RECORDS TO PROCESS |
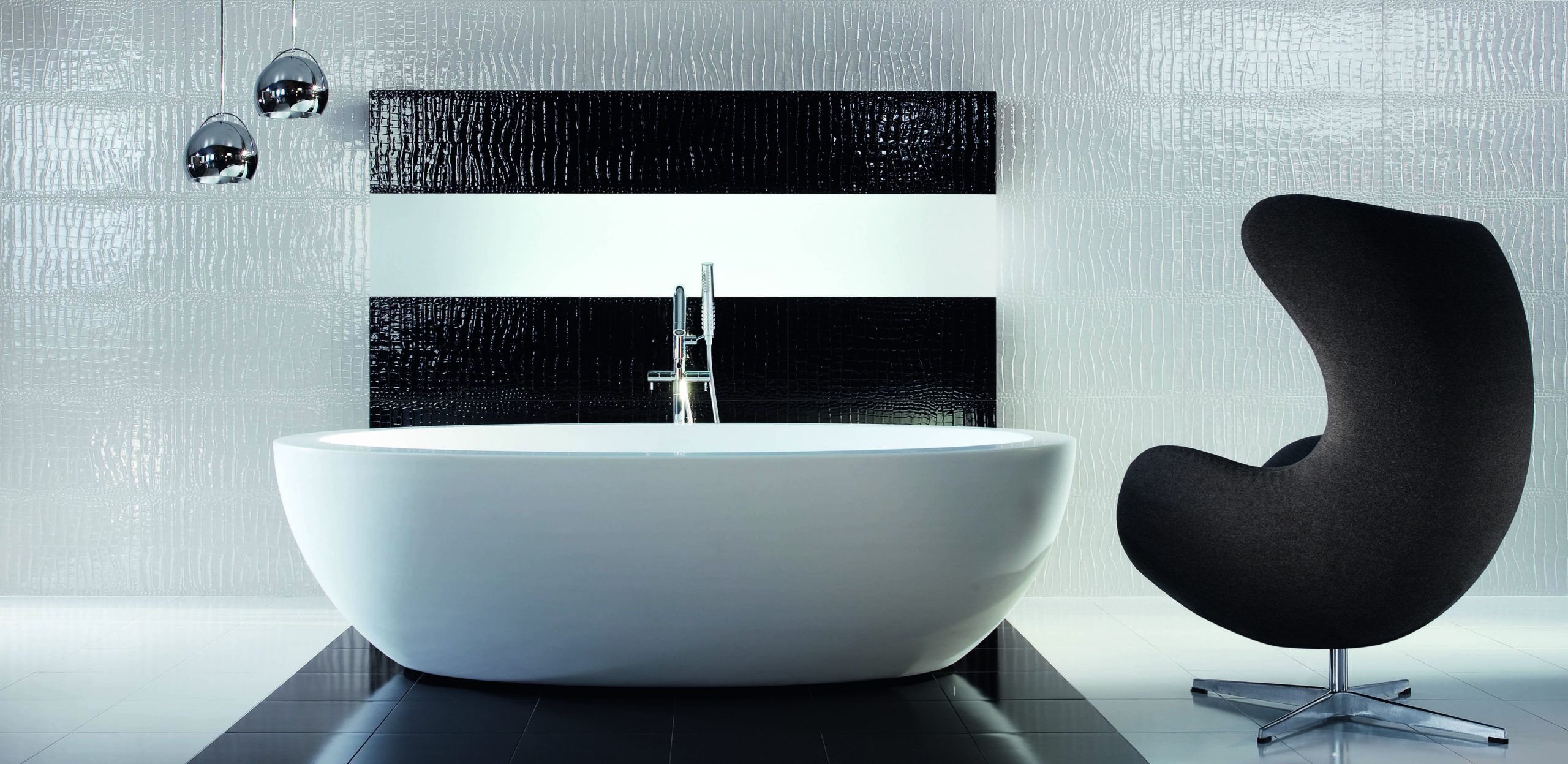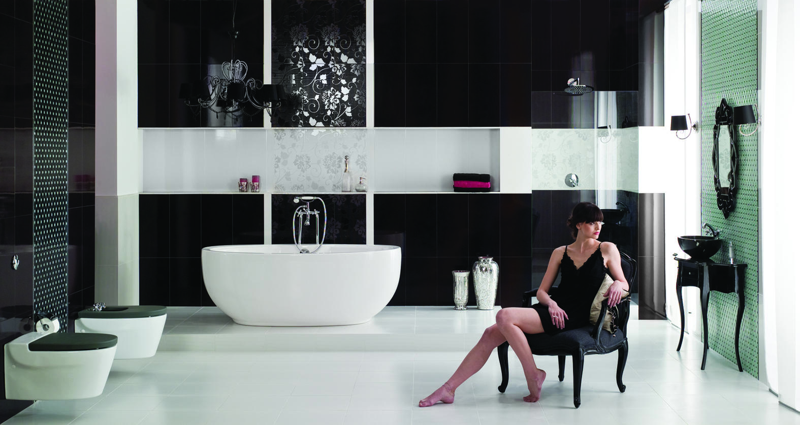 Nowością na rynku okazała się czarna ceramika sanitarna. Spotykane dotychczas białe wanny, brodziki, sedesy i umywalki oraz połyskujące srebrne baterie zmieniły swój wygląd na odważniejszy. Coraz częściej porcelanowa czarna wanna, czy też czarna umywalka stają się głównym elementem dekoracyjnym łazienek. Wykorzystanie ciemnej armatury sprawia, że wnętrze staje się nowoczesne i niebanalne. Ta niestandardowa propozycja idealnie komponuje się na tle białego, geometrycznego wzoru lub z glazurową szachownicą. Natomiast zwolennicy jaśniejszych wnętrz mogą użyć jej jako głównego kontrapunktu w zderzeniu bieli z czernią.
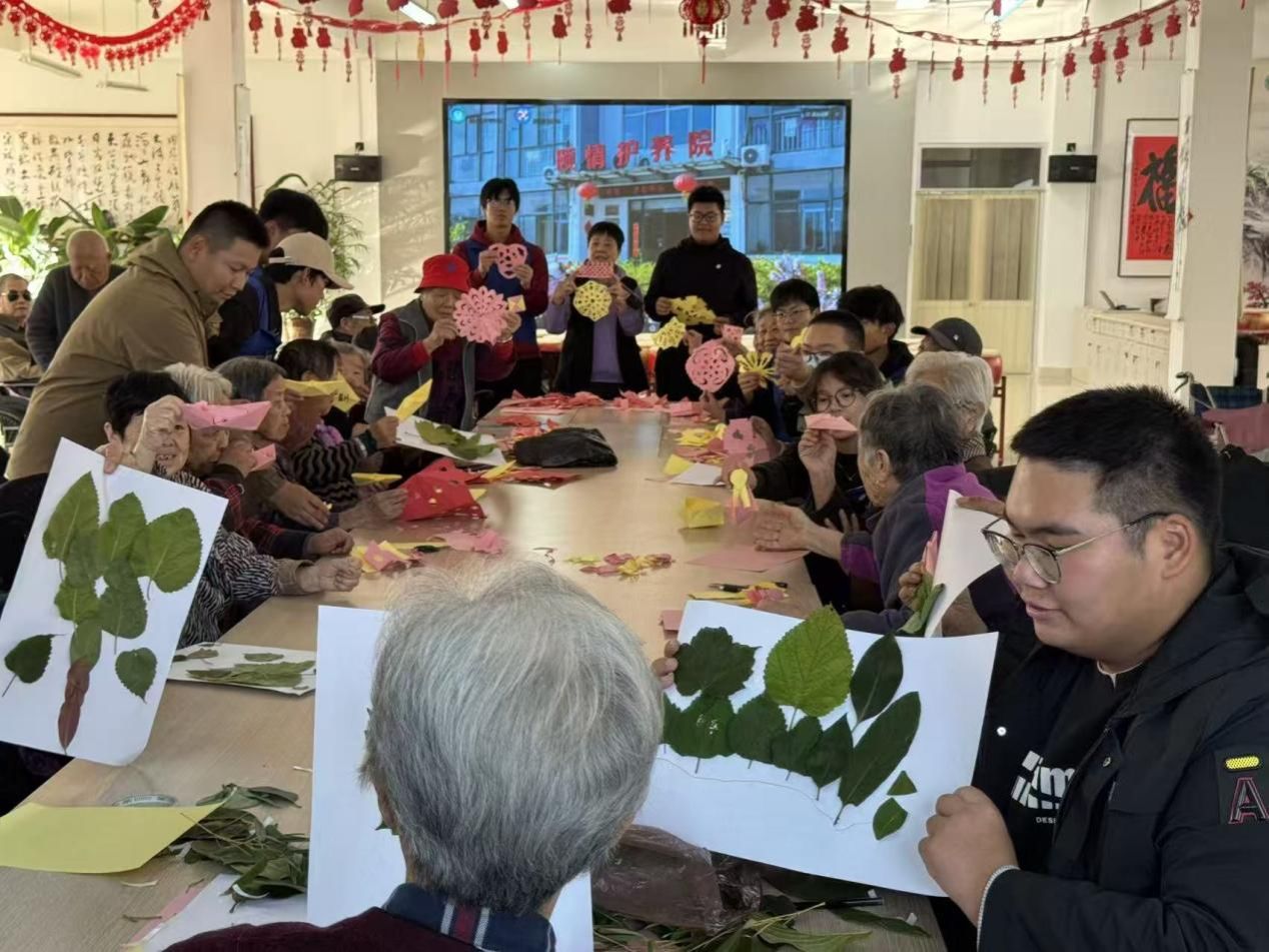活动现场,志愿者们耐心陪伴老人参与各类互动。在手工剪纸环节,大家手把手教老人在彩纸上勾勒图案、裁剪窗花,还穿插折纸教学,一只只承载美好寓意的小船、小燕子在指尖成型;艺术树叶画创作中,志愿者与老人一同挑选树叶,巧妙摆放出各具特色的图案,为护养院生活增添生机;活动尾声,志愿者们还对活动室进行全面清扫,并将桌椅整齐摆放,用行动为老人营造整洁舒适的环境。
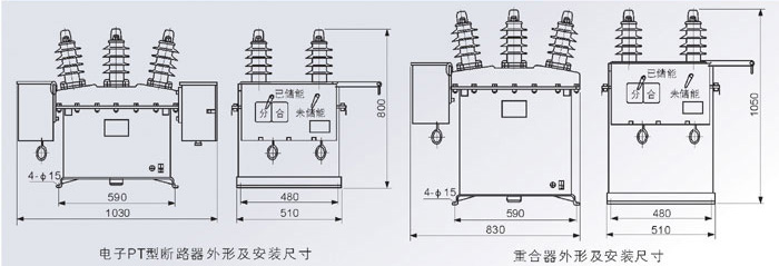 4)若加裝電壓互感器、自動(dòng)重合控制器、自動(dòng)分段控制器,可實(shí)現(xiàn)配電保護(hù)自動(dòng)化和“四遙” (遙測、遙信、遙控、遙調(diào))功能加裝了復(fù)合控制器(消除合閘涌流)
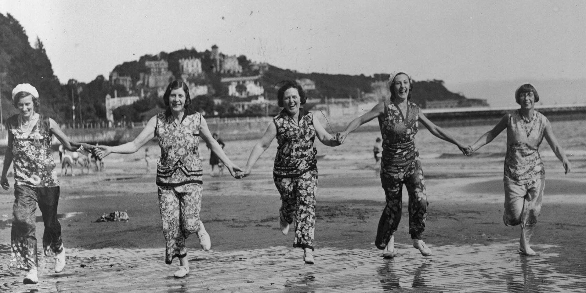 Initially, wearing pajamas on the beach was an “act of anti-fashion,” Schiff says, and a response to a lack of suitable garments available to women at the time. Not only did they provide a degree of modesty covering up a swimsuit, but beach pajamas were also worn for warmth on winter beaches, and to prevent sunburn.
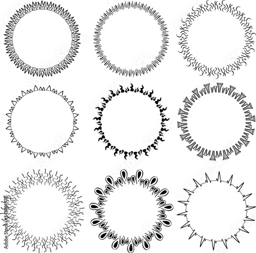 circle, decorate, vintage, hand-drawn, black, border, decorative, outline, round, design, graphic, frame, vector, set, label, element, illustration, decoration, banner, badge, icon, ornament, art, shape, flower, ornate, symbol
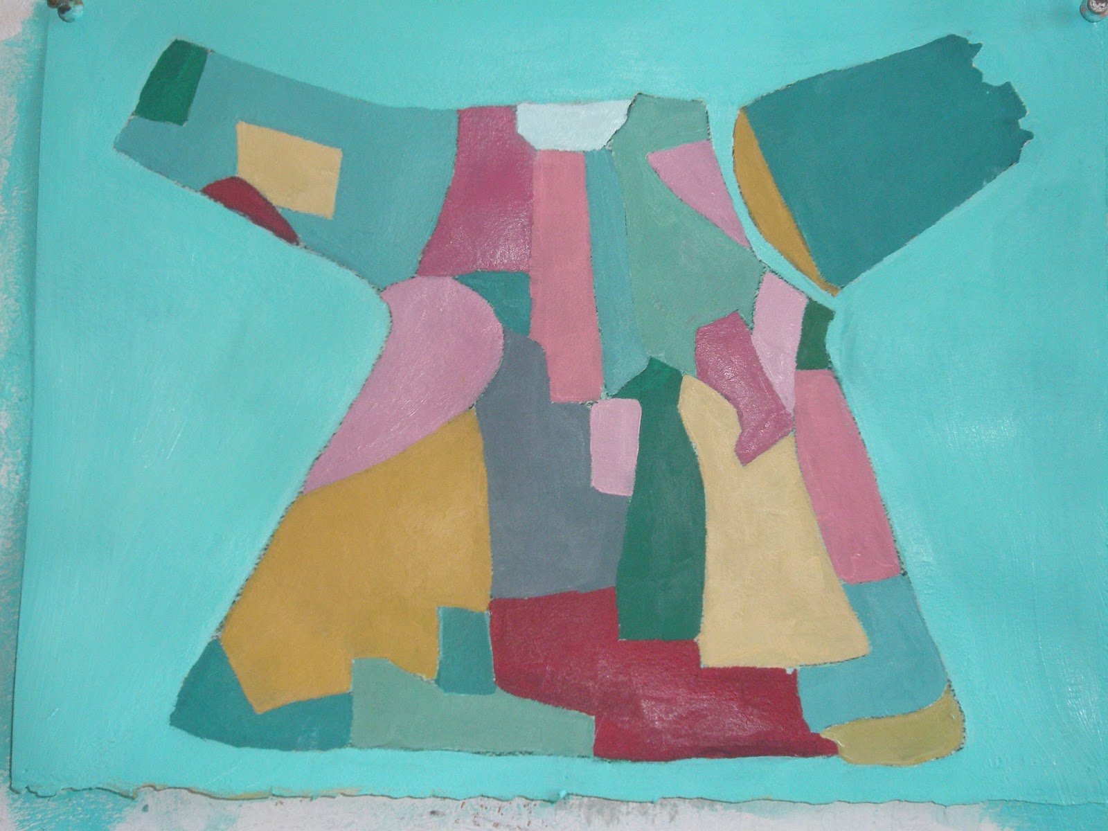 So I went back to the studio, enlarged the postcard, traced the pattern of patches on to a piece of drawing paper, opened my brand new tubes of acrylic paints, mixed up some colors, delighting in the feel of paint beneath my brush and—painted. I was happy. Lost, the way I’m lost, writing.
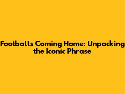 Football's Coming Home: Unpacking The Iconic Phrase
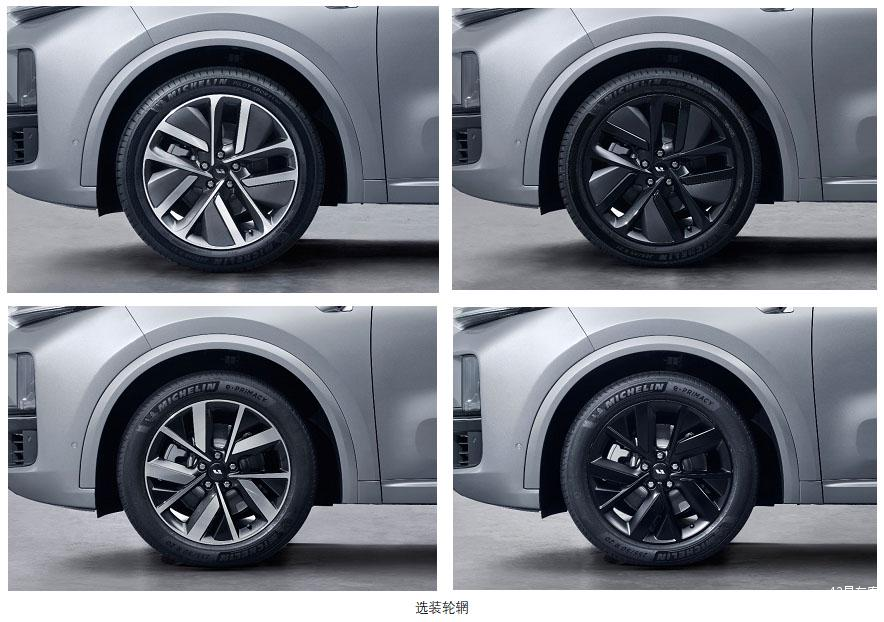 在之前的工信部数据中,我们看到了 L8 采用的是 20/21 两种不同尺寸的轮圈,也有银灰和黑灰两种配色供选。
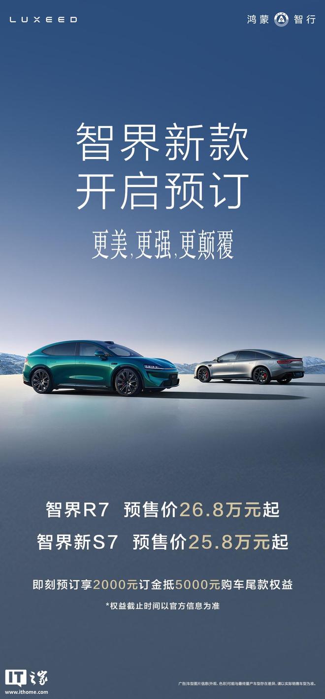 IT之家 8 月 10 日消息,鸿蒙智行智界新款双 7(R7 / 新 S7)车型已开启预订。新车宣称“更美、更强、更颠覆”,预售价 25.8 万元起。参加预订可享 2000 元订金抵 5000 元购车尾款权益。

TASK TO COMPLETE | The lines from the one that contains "在之前的工信部数据中,我们看到了 L8 采用的是" through the end of the data, repeated exactly and with no pictures, make up the whole answer.

RESULT FOR THIS TASK |
 在之前的工信部数据中,我们看到了 L8 采用的是 20/21 两种不同尺寸的轮圈,也有银灰和黑灰两种配色供选。
 IT之家 8 月 10 日消息,鸿蒙智行智界新款双 7(R7 / 新 S7)车型已开启预订。新车宣称“更美、更强、更颠覆”,预售价 25.8 万元起。参加预订可享 2000 元订金抵 5000 元购车尾款权益。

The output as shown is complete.